* [Data shown]
+ + + + +

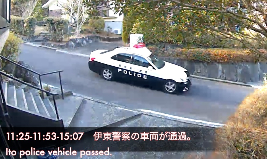 11:25-11:53-15:07 伊東警察の車両が通過。
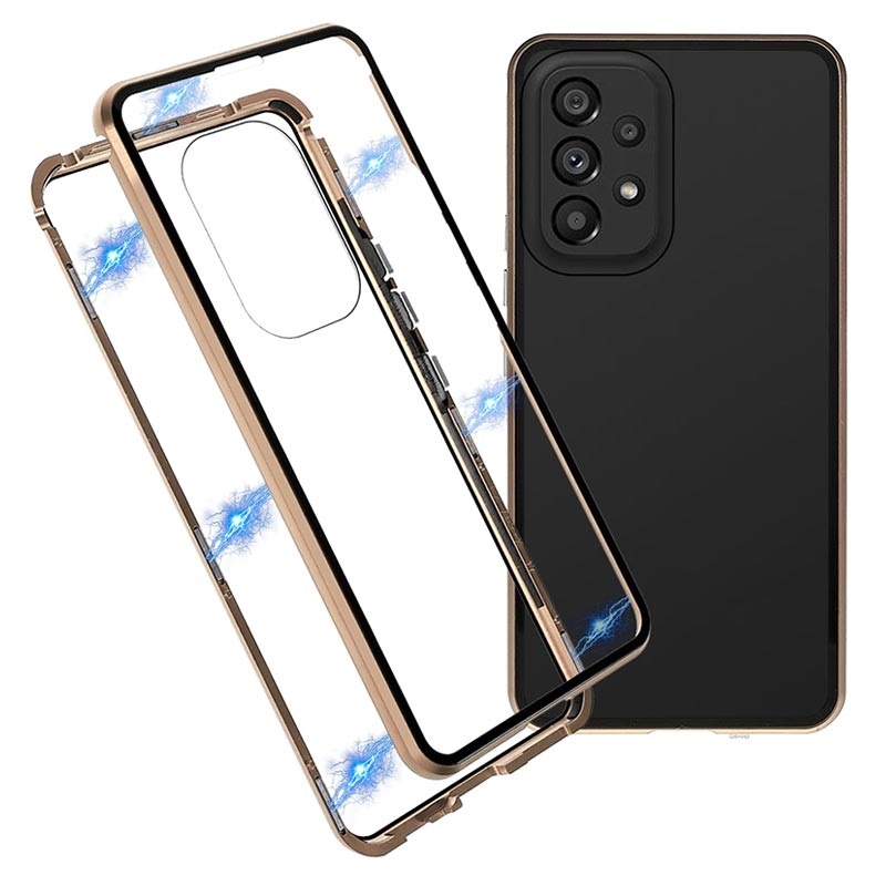 Deze uniek ontworpen hoes heeft een magnetisch metalen frame en helder gehard glas voor de voor- en achterkant om superieure bescherming te bieden voor uw Samsung Galaxy A53 5G. Hoewel het eersteklas bescherming voor je telefoon biedt, verbergt het magnetische hoesje met gehard glas de schoonheid van je Samsung Galaxy A53 5G niet.
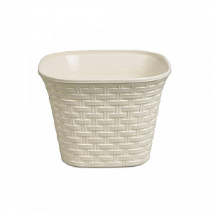 Кашпо квадратное "Ротанг" 4,6 л с поддоном (слоновая кость)
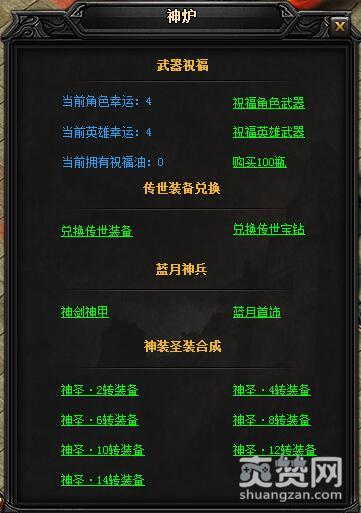 在地图中央,我们会看到一个大神炉。点开之后会发现其中的神装圣装合成追加了六大项。分别是神圣·2转装备、神圣·4转装备、神圣·6转装备、神圣·8转装备、神圣·10转装备以及神圣·12转装备。
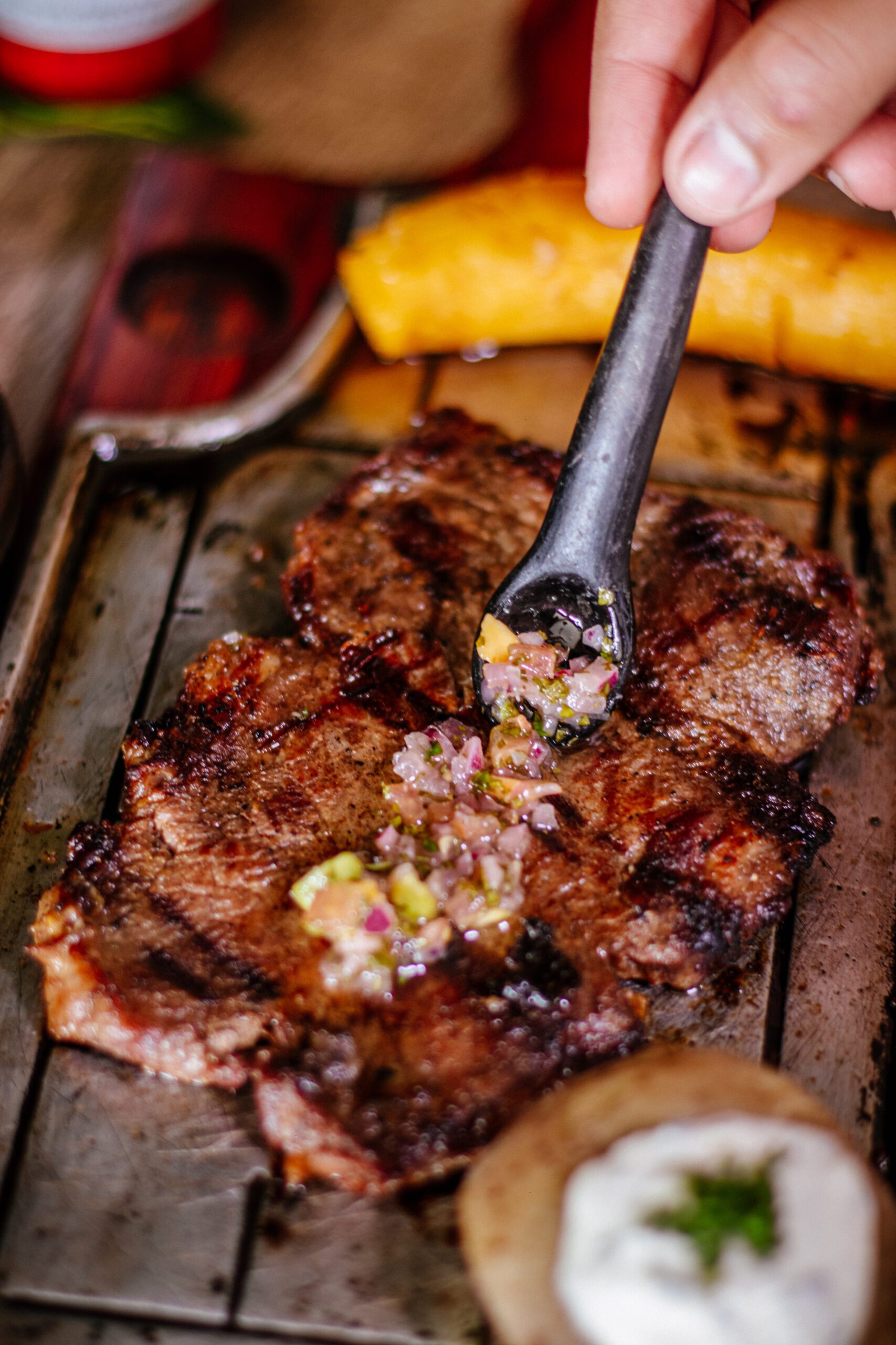 Filete de pollo a la parrilla 200gr bañado en salsa de maíz y queso, acompañado de papas a la francesa y ensalada dulce.

+ + + + +

From the listing above, print every entry precisely and drop the pictures.

 11:25-11:53-15:07 伊東警察の車両が通過。
 Deze uniek ontworpen hoes heeft een magnetisch metalen frame en helder gehard glas voor de voor- en achterkant om superieure bescherming te bieden voor uw Samsung Galaxy A53 5G. Hoewel het eersteklas bescherming voor je telefoon biedt, verbergt het magnetische hoesje met gehard glas de schoonheid van je Samsung Galaxy A53 5G niet.
 Кашпо квадратное "Ротанг" 4,6 л с поддоном (слоновая кость)
 在地图中央,我们会看到一个大神炉。点开之后会发现其中的神装圣装合成追加了六大项。分别是神圣·2转装备、神圣·4转装备、神圣·6转装备、神圣·8转装备、神圣·10转装备以及神圣·12转装备。
 Filete de pollo a la parrilla 200gr bañado en salsa de maíz y queso, acompañado de papas a la francesa y ensalada dulce.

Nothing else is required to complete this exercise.